Autumn Mania

Someday I am going to create a new series for PBS. It will be an adaptation of the much-loved BBC series, “Call the Midwife.” My version will, of course, be somewhat altered to suit American tastes and interests. I will rename it, “Call the Landscaper”, and it will feature stories about suburban landscapes, some nine months after spring garden conception. The landscapes are now heavy laden and about to deliver large clumps of onion grass, fallen leaves and overgrown hedges. Their owners, unable to cope with garden labor unassisted will “call the landscaper.” An attractive lawn and garden crew will show up and, in short order, deliver the homeowners from landscape woes and the scorn of the neighbors. The episodes will have all kinds of complications and some interesting story arcs, but by the end of each episode viewers will be entertained and inspired.
Like all good works of fiction, “Call the Landscaper” will be drawn from real life stories. I see them happening all around me right now.
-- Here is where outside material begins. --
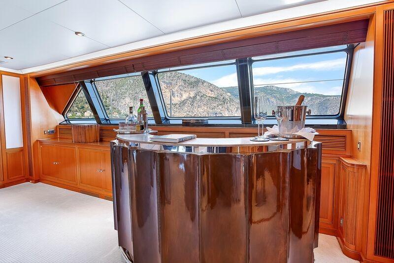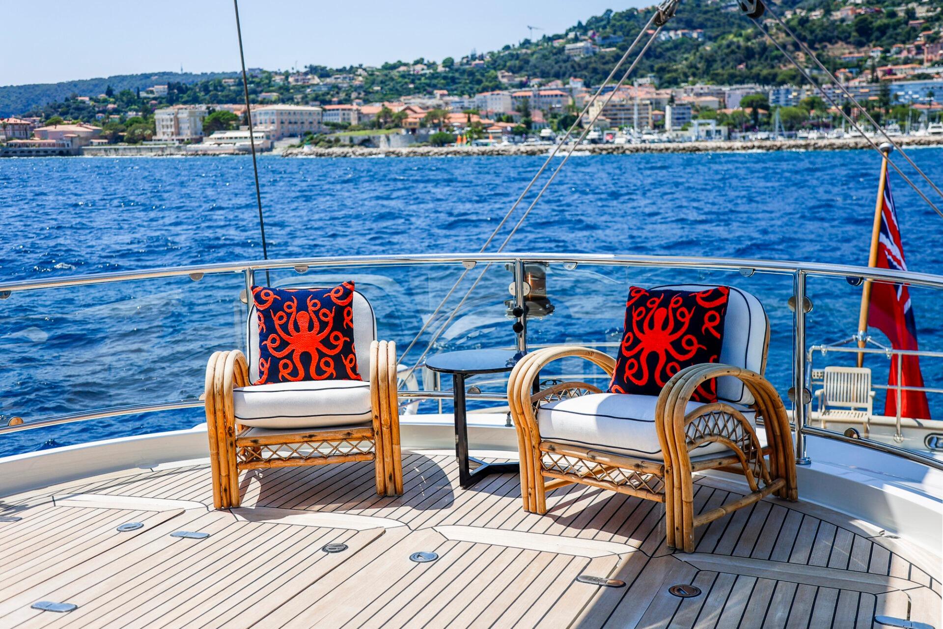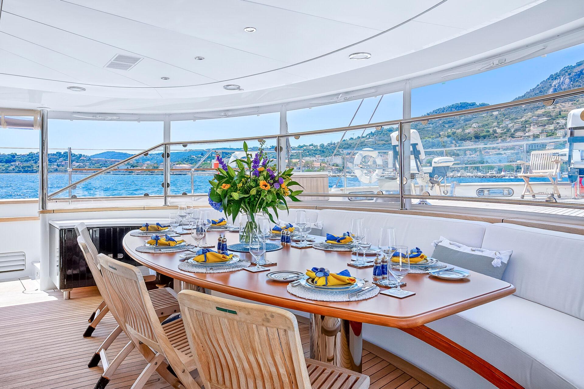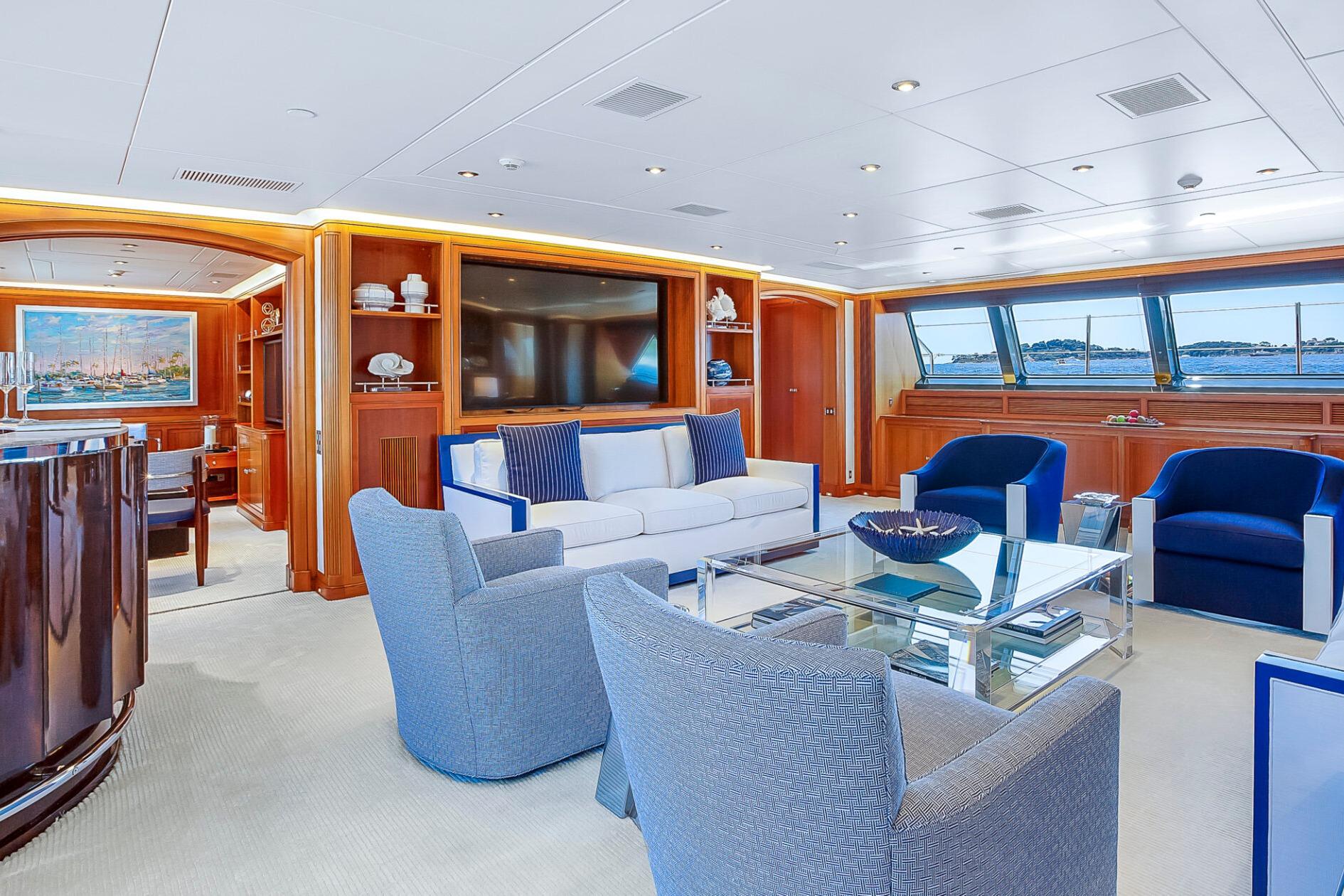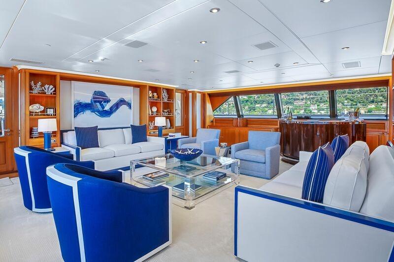 Her interior combines classic yachting elements with a refined palette of light wood varnishes, cream upholstery, and marine-inspired navy accents. Across her six cabins, the décor gracefully mirrors the colour scheme of the main salon and dining areas, creating a cohesive and elegant atmosphere throughout.

Sadly, I can only write about them, because the state of my pocketbook dictates that I go through autumn garden labor on my own. It is a daunting task and rivals spring in its urgency and complexity.
It has been an exceptionally busy year, with incessant work and not enough garden time. Now the chores stretch endlessly before me, the daylight dwindles every day, and the holidays loom on the horizon. Boxes of bulbs are sitting on my dining room table, and house plants, newly returned from outdoor summer vacations, languish in my indoor holding area awaiting relocation to their winter homes. Outside the leaves are piling up and the grass is still growing underneath them. The New England asters, which were breathtaking four weeks ago, look derelict now. Shrubs have grown large and those that self-seed promiscuously, like the five roses-of-Sharon, are going about that business with unbridled enthusiasm. If I don’t get to them quickly, I will be grubbing out their offspring for weeks next March, April and May. It is clear that either I will finish the garden chores or they will finish me by Thanksgiving.
Multi-tasking is the order of the day, though it would help if I had extra sets of arms and legs, plus the need for only two hours of sleep each night. In my desperation I turn to power tools, especially my prize possession, a new cordless electric hedge trimmer, which works equally well on shrubs and New England aster stalks. I have resisted acquiring a leaf blower, but I may have to rethink. Gass-powered blowers are deafening, but the electric ones are less noisy. It seems appropriate that once I have swept through the hedges, specimen shrubs and asters like an avenging angel with an electric arm, I should be able to blow the debris to a central location where they can be bagged.
I can accelerate through mowing because I never bag leaves. My electric mower shreds the leaves and mows the grass simultaneously. After laboring through the grass and shrubs, I turn my attention to the perennials, all of which need cutting back, and the annuals, all of which require removal. Removal creates holes, which I enlarge to accommodate spring bulbs. I use fall desperation to create excellent spring landscape effects by creating large, deep planting holes that can house five or seven bulbs side by side. The bulbs also go in lasagna style, with big ones like daffodils, hyacinths and the larger tulips on the bottom of each hole. They are then covered with a layer of soil that serves as a base for smaller tulips. The middle layer of smaller tulips is covered with more soil, which in turn serves as a base for crocuses, chionodoxa and other diminutive bulbs. Once a hole is filled with this bulb lasagna, I lay a layer of lavender trimmings over the spot. This means that I don’t have to bag up the lavender trimmings, and, with luck, the garden varmints will be deterred by the pervasive fragrance.
I try to do all of the above at high speed, but hindered by my own clumsiness and other limitations and distractions, I can never go as fast as I intend. By Thanksgiving, I am thinking about the General Confession that I say each Sunday in church, seeking forgiveness for things done and—especially–left undone.
And that is why I intend to write “Call the Landscaper”. If all goes according to plan, the proceeds will relieve my garden labor and deliver a tidy landscape.